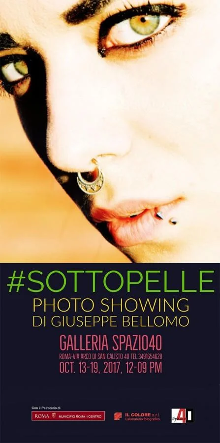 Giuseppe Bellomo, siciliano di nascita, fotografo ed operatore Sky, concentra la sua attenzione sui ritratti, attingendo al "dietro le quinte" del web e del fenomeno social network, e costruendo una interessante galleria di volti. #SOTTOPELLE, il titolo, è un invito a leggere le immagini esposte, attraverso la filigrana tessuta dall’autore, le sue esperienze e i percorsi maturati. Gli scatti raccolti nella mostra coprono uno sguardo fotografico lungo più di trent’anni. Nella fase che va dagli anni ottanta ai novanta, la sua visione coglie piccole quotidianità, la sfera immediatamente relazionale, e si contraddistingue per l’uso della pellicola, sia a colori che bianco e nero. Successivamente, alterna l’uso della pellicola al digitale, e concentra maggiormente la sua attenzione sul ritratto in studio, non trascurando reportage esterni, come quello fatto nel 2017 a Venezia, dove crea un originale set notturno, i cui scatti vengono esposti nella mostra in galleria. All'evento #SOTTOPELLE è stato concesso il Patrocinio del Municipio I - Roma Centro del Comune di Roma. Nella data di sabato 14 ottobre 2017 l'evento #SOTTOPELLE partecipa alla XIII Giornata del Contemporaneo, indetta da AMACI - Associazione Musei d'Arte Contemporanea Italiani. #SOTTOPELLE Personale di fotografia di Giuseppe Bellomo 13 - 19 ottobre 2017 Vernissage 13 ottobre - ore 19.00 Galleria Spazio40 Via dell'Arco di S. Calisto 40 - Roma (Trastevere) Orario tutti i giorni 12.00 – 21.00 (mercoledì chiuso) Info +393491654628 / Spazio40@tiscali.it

•••••

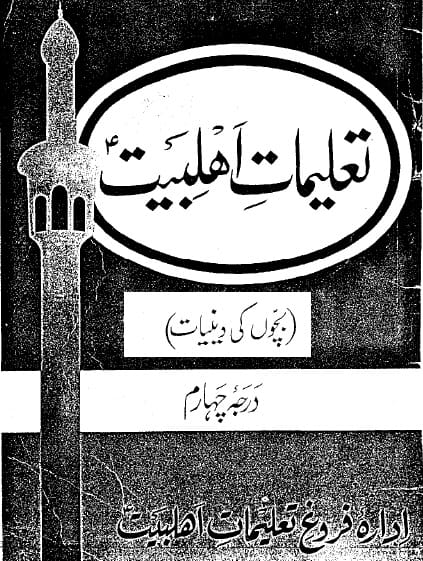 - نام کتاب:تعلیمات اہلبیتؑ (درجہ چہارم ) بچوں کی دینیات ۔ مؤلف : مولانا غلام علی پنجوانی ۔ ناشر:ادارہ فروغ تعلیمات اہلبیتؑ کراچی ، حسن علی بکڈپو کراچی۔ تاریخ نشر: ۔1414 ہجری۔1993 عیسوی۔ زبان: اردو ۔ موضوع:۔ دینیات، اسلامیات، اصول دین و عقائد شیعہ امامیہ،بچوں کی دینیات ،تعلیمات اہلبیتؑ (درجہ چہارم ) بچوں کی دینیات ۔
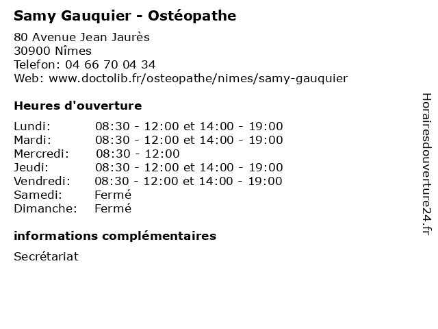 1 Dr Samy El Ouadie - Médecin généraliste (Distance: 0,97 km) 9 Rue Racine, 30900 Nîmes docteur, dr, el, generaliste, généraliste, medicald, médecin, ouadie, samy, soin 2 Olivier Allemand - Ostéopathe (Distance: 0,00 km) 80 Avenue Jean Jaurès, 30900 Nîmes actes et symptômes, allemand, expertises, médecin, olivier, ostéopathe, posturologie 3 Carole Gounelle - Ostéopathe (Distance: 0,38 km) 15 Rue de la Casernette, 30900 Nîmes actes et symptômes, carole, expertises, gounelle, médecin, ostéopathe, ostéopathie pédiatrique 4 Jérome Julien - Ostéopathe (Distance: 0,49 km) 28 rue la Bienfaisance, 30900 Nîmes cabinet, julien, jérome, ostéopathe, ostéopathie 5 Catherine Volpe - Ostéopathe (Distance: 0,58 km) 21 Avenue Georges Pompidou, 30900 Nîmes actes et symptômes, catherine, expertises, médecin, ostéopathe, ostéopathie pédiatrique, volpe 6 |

•••••

### EXERCISE
Only the lines above from the one with "- نام کتاب:تعلیمات" to the one with "1 Dr Samy El" should be printed, both included and exactly as written; no picture belongs in the copy.

### WRITTEN SOLUTION
 - نام کتاب:تعلیمات اہلبیتؑ (درجہ چہارم ) بچوں کی دینیات ۔ مؤلف : مولانا غلام علی پنجوانی ۔ ناشر:ادارہ فروغ تعلیمات اہلبیتؑ کراچی ، حسن علی بکڈپو کراچی۔ تاریخ نشر: ۔1414 ہجری۔1993 عیسوی۔ زبان: اردو ۔ موضوع:۔ دینیات، اسلامیات، اصول دین و عقائد شیعہ امامیہ،بچوں کی دینیات ،تعلیمات اہلبیتؑ (درجہ چہارم ) بچوں کی دینیات ۔
 1 Dr Samy El Ouadie - Médecin généraliste (Distance: 0,97 km) 9 Rue Racine, 30900 Nîmes docteur, dr, el, generaliste, généraliste, medicald, médecin, ouadie, samy, soin 2 Olivier Allemand - Ostéopathe (Distance: 0,00 km) 80 Avenue Jean Jaurès, 30900 Nîmes actes et symptômes, allemand, expertises, médecin, olivier, ostéopathe, posturologie 3 Carole Gounelle - Ostéopathe (Distance: 0,38 km) 15 Rue de la Casernette, 30900 Nîmes actes et symptômes, carole, expertises, gounelle, médecin, ostéopathe, ostéopathie pédiatrique 4 Jérome Julien - Ostéopathe (Distance: 0,49 km) 28 rue la Bienfaisance, 30900 Nîmes cabinet, julien, jérome, ostéopathe, ostéopathie 5 Catherine Volpe - Ostéopathe (Distance: 0,58 km) 21 Avenue Georges Pompidou, 30900 Nîmes actes et symptômes, catherine, expertises, médecin, ostéopathe, ostéopathie pédiatrique, volpe 6 |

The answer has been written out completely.